Di fatto è inosservabile, perché si sta avvicinando alla congiunzione superiore con il Sole. Dal nostro punto di vista lo vediamo prima nella costellazione dell’Ofiuco, per poi passare l’11 dicembre in quella del Sagittario, dove resterà anche all’inizio dell’anno prossimo.

Giove

Si trova all’interno della costellazione dei Gemelli, in cui rimane per tutto il mese, vicino alle sue stelle più brillanti, Castore e Polluce. La sua luce maestosa, che ci fa capire perché i nostri avi l’hanno intitolato al re degli dei, fa capolino sull’orizzonte nord est verso le ore 20.00 e ci terrà compagnia per tutta la notte. Sarà protagonista delle osservazioni durante le visite guidate notturne: con i telescopi della Terrazza Didattica si notano benissimo il suo disco rotondo, le nubi della sua atmosfera e i quattro satelliti principali.

Saturno

Muovendosi lentamente attorno al Sole, le sue condizioni di visibilità non cambiano granché rispetto allo scorso mese. Appena cala il buio compare già abbastanza alto sull’orizzonte, anticipando sempre di più il tramonto: a inizio mese scompare poco prima delle 01.00, mentre alla fine del mese ci saluta già prima delle ore 23.00. Al telescopio gli anelli appaiono quasi di taglio, perché sono ancora poco inclinati rispetto alla nostra linea di vista. Passa tutto dicembre nella costellazione dell’Acquario, proprio al confine orientale con quella dei Pesci, non lontano anche da quella della Balena.

Urano

Dopo l’opposizione del 21 novembre, il gigante ghiacciato passerà tutto il mese vicino alle già citate Pleiadi, nella costellazione del Toro. Sarà osservabile per quasi tutta la notte, dal tramonto fino a poco prima dell’alba. Con i telescopi della Terrazza Didattica si potrà apprezzare il suo disco, dalla tenue tonalità verde acqua.

Nettuno

L’ultimo pianeta è assai lento nel suo moto apparente sulla volta celeste, permanendo per tutto il mese nella costellazione dei Pesci, proprio nella zona che confina con quella dell’Acquario dove c’è Saturno. Invisibile a occhio nudo, dobbiamo compiere l’osservazione al telescopio nella prima parte della notte, con le stesse indicazioni orarie del suo “vicino” (prospetticamente parlando) Saturno. Come per lo scorso mese, anche a dicembre Nettuno occupa una posizione in cielo prossima al “punto gamma”, o “primo punto d’Ariete”, un riferimento immateriale che indica la posizione che il Sole occupa in cielo all’equinozio della primavera boreale, quando nel suo moto apparente lungo l’eclittica attraversa l’equatore celeste.

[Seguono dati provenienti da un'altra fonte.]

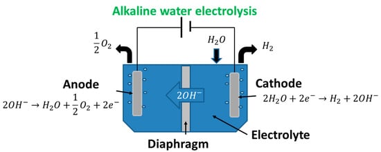 Water electrolysis systems are all based on the water splitting reaction as shown in Equation (1). This overall reaction relies on electrons being transferred through an electric circuit from the anode to the cathode. However, the reactions which occur at the anode and cathode depend on the type of electrolysis system, with one of the common designs and the associated reactions shown in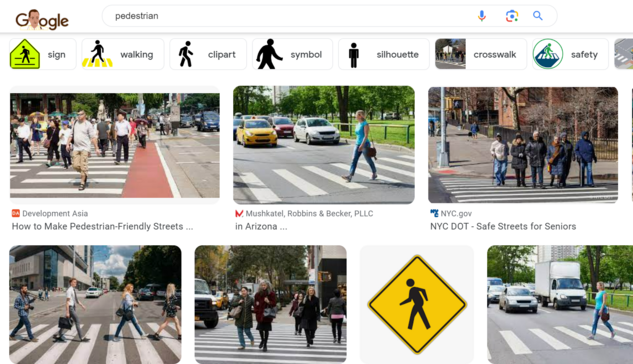 Similarly, compare "pedestrian" with "person walking". A pedestrian is always shown in situations where they will interact with, slow down and otherwise inconvenience people driving.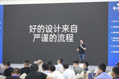 盈趣智能总经理张佑向与会嘉宾分享了《盈趣的创新设计与智能制造服务》,他表示:“好的产品来自严谨的流程”,盈趣智能从需求调研和分析、成本与价值的平衡到产品的设计研发及落地,都经过了层层严格把控。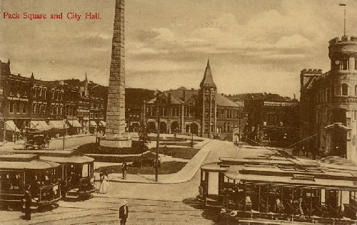 1911 Postcard, Pack Square and City Hall (Brown Rock Company, Asheville). Alan Coleman collection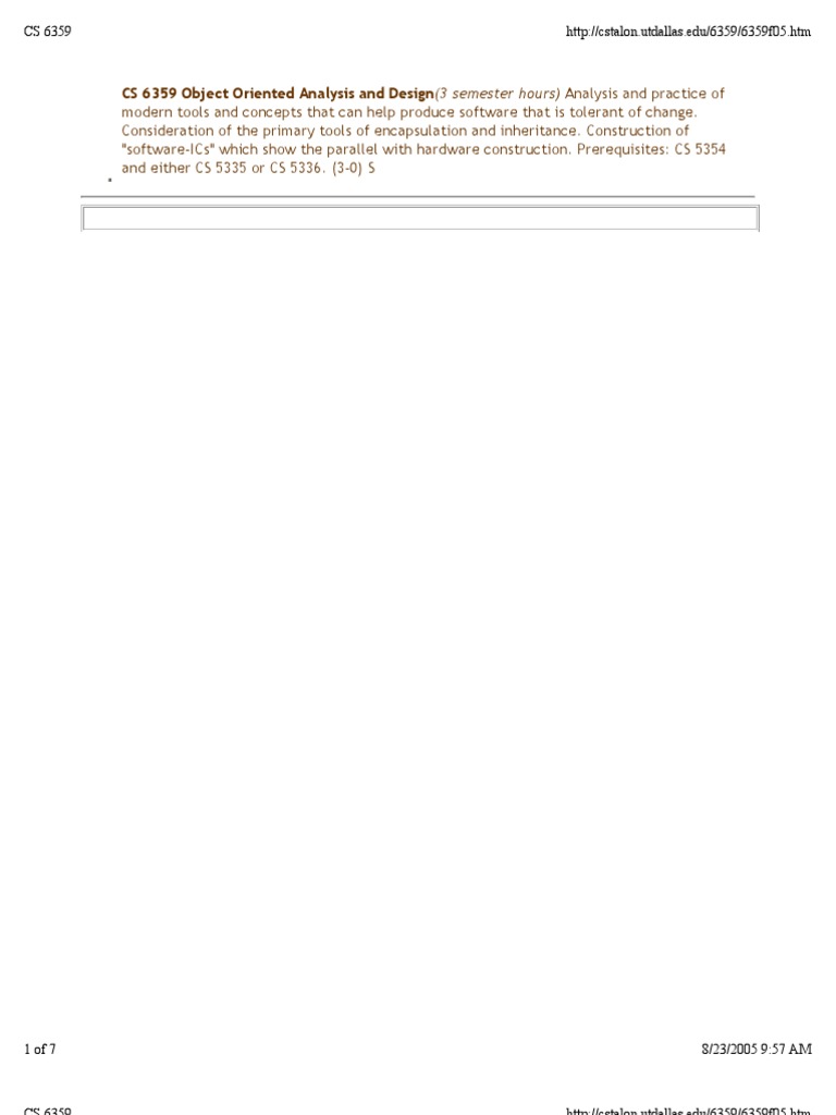 CS 6359 Object Oriented Analysis and Design(3 semester hours) Analysis and practice of modern tools and concepts that can help produce software that is tolerant of change. Consideration of the primary tools of encapsulation and inheritance. Construction of "software-ICs" which show the parallel with hardware construction. Prerequisites: CS 5354 and either CS 5335 or CS 5336. (3-0) S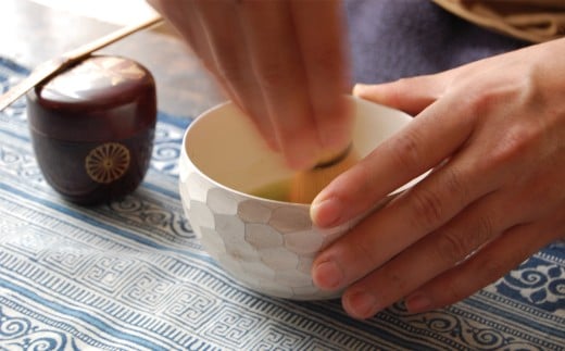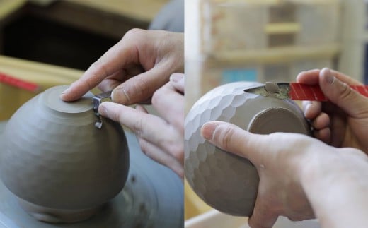 - 【萬古焼(ばんこやき)】愛着が色にでる茶器。焼き上がりから、使い込む程に色が変わる。萬古焼の新鋭アーティスト岡井翼。ひとつひとつダイヤの形を彫り込んだ「銀彩ダイヤカット茶椀」【岡井翼 銀彩 ダイヤ 1点もの 三重県 四日市市 四日市】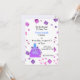 Ein großer lila Hippo mit einem Party, der für eine Geburtstagsparty vorbereitet ist, betont diese lustige Einladung. Eine Grenze von Würfeln und lustigen Designs fügt einen Spaß Anziehungskraft. Passen Sie Ihre Daten nach Wunsch mit Ihren Daten an.

Gli sciami meteorici di dicembre

Secondo il calendario dell’International Meteor Organization (IMO), nella notte tra il 13 e il 14 dicembre ci sarà il picco delle Geminidi, uno sciame di meteore (il nome scientifico delle stelle cadenti) attivo di solito dal 4 al 20 dicembre di ogni anno. Come è consuetudine nell’ambito delle meteore, il nome dello sciame deriva dalla costellazione che ospita il punto di origine prospettica di questi oggetti, il radiante, che in questo caso si trova nella costellazione dei Gemelli (in latino Gemini)

Assieme alle Perseidi di agosto e alle Leonidi di novembre, l’appuntamento con le Geminidi è tra più attesi dell’anno, a causa della buona media di stelle cadenti potenzialmente visibili. Inoltre, due caratteristiche rendono uniche lo sciame delle Geminidi tra i maggiori sciami periodici.

In primo luogo, è l’unico che mostra una buona attività prima di mezzanotte, perché il radiante, guardando verso est, è già abbastanza alto in prima serata, raggiungendo i 30° attorno alle ore 21.00, per poi trovarsi sopra la nostra testa verso le 02.00. Ad aiutarci a individuare i Gemelli quest’anno abbiamo anche il pianeta Giove, ospite assai brillante della costellazione.

In secondo luogo, non è prodotto da una cometa, bensì dai detriti lasciati dall’asteroide 3200 Phaethon – anche se studi recenti ipotizzano che l’asteroide possa essere nato dalla frantumazione di un nucleo cometario durante un passaggio ravvicinato intorno al Sole.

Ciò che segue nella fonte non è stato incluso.